Running the Average and Std Dev on a data set - Newbie

Discussion in 'Mac Programming' started by tyrant, Jan 15, 2010.

  1. tyrant macrumors newbie

    Joined:
    May 1, 2007
    #1
    IDon't have much programming experience. I have a data set that I was for each successive number in the set I want to the find the average (of pervious numbers and current number) and the standard deviation.

    Example

    Day 1 Average (Day 1), Standard Deviation (Day 1)
    Day 2 Average (Day 1 - 2), Standard Deviation (Day 1 - 2)
    Day 3 Average (Day 1 - 3), Standard Deviation (Day 1 - 3)
    Day 4 Average (Day 1 - 4), Standard Deviation (Day 1 - 4)
    ...
    Day n Average (Day 1 - n), Standard Deviation (Day 1 - n)

    I have about 750 sets that I want to run this computation on and each set has about 6,050 data points (days).

    I am assuming that each day in the set is going to add exponential number of calculations for the computer. Due to the high volume, excel would run out of RAM very quickly (I have 2 GB RAM). I assume that once programmed, the computations (just a guesstimation) would take a month or two of full time computing.

    The only programming I have ever done was on the TI calculators in High School. Can someone point to a programming language that would be good for this type of program? I am working on this project over a couple of months and therefore don't mind learning a language that lends itself to this type of data computation.
     
  2. ChrisA macrumors G4

    Joined:
    Jan 5, 2006
    Location:
    Redondo Beach, California
    #2
    No, it's not exponential. It's linear. The time to compute will be limited by the speed of your disk drive, by how fast it can read the data. The computation time is nearly trivial

    Hint: Keep three variables: N - the current number of samples, is incremented as you read the sample, SUM, the sum of samples read so far and SUM_SQUARED with is the sum of the squares. Once these are updated you can print to statics on the same line as the day's data then go to the nest day.

    The entire process should take seconds not months on any Mac that can run Mac OS X.

    Try doing a subset of the data by hand on paper to work out the steps.

    Is this a homework problem? Sure sounds like it. I hope no one here does writes this for you. but I expect it to take about a dozen lines of code.
     
  3. tyrant thread starter macrumors newbie

    Joined:
    May 1, 2007
    #3

    Thank you for the response, to be clear; this is not a homework problem. I understand the ethical implications if it was.

    One question, what language would you recommend for this?
     
  4. chown33 macrumors 604

    Joined:
    Aug 9, 2009
    #5
    Any language that can do basic arithmetic would be able to carry out the calculations.

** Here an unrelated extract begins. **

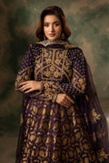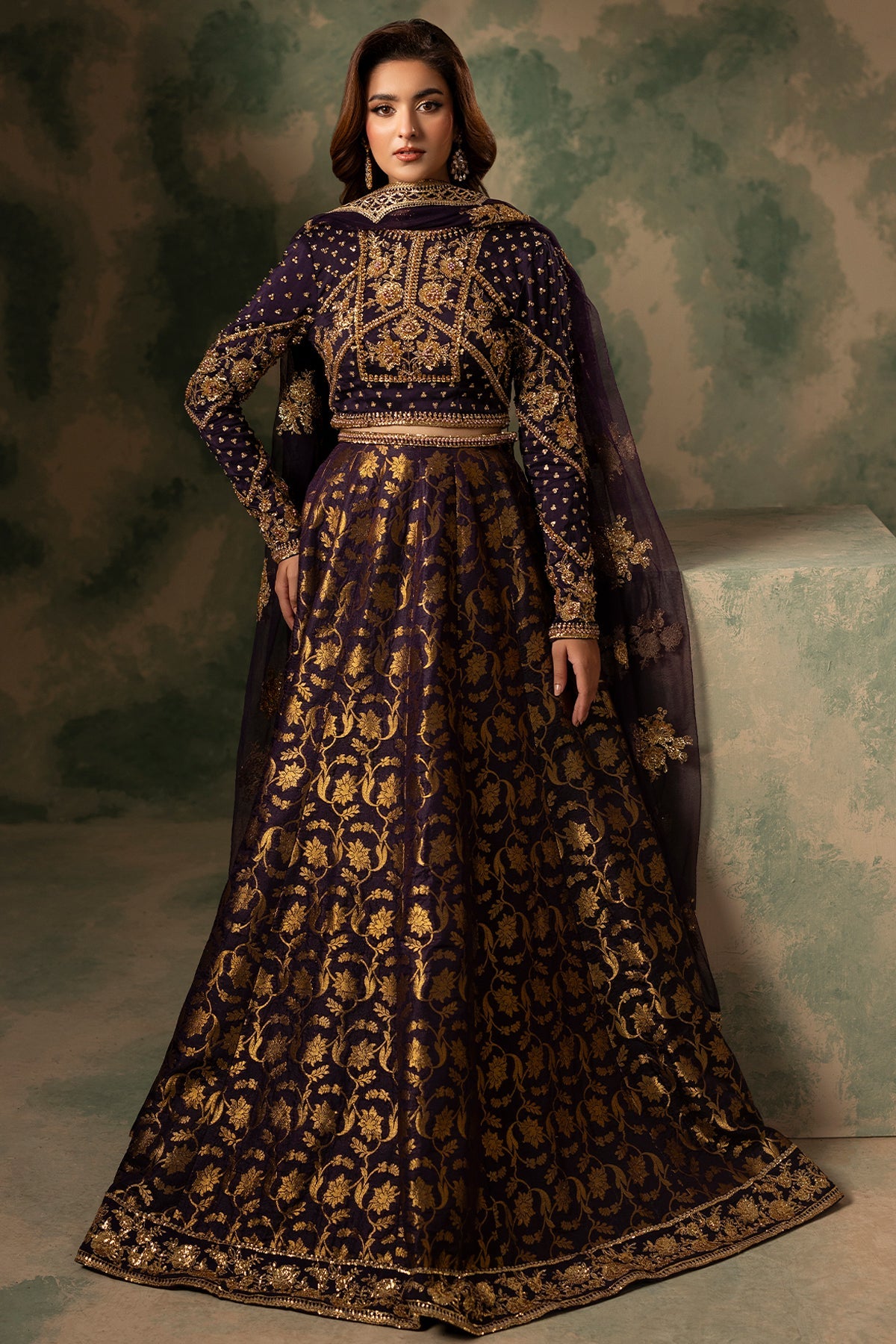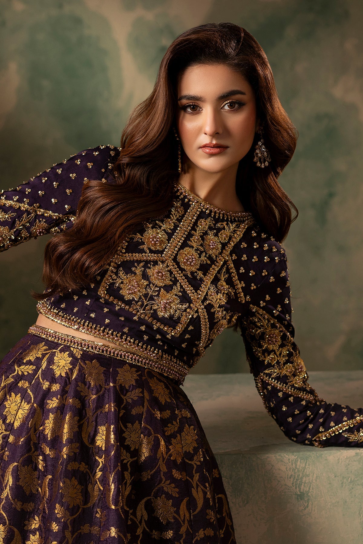 A dark purple, beautifully constructed blouse paired with a net dupatta and a brocade lehenga. The heavily embellished bodice features dabka, pearls, and Swarovski crystals, reflecting a perfect blend of artistry and tradition. This ensemble carries the grace of age-old banarsi craftsmanship, celebrating timeless elegance with a classic traditional touch.

    Seriously, think about it a little and write down what needs to happen. Express it in plain English rather than trying to write a program right away. Don't take this as patronizing a noob: real software developers do this because it helps clarify the scope of the problem.

    The running average (which I assume is the arithmetic mean) and standard deviation are your calculations. What's the calculation for mean? What's the calculation for std-dev?
    http://en.wikipedia.org/wiki/Standard_deviation

    What arithmetic operations are needed to carry out these calculations:
    Addition, subtraction, multiplication, division, square root: that's it.

    And you might want to explain why you thought the calculations would be exponential. Again, don't take that as patronizing a noob: explaining one's rationale and reasoning is an important part of real software development. It's unexplained and improperly reasoned kluges that cause the most trouble.


    A bigger issue than calculations is likely to be reading your data sets into your program, and converting that data to suitable numbers that you can then add, multiply, etc.

    So exactly what format are your data sets in? Excel files? Comma-separated text files? XML? Something else?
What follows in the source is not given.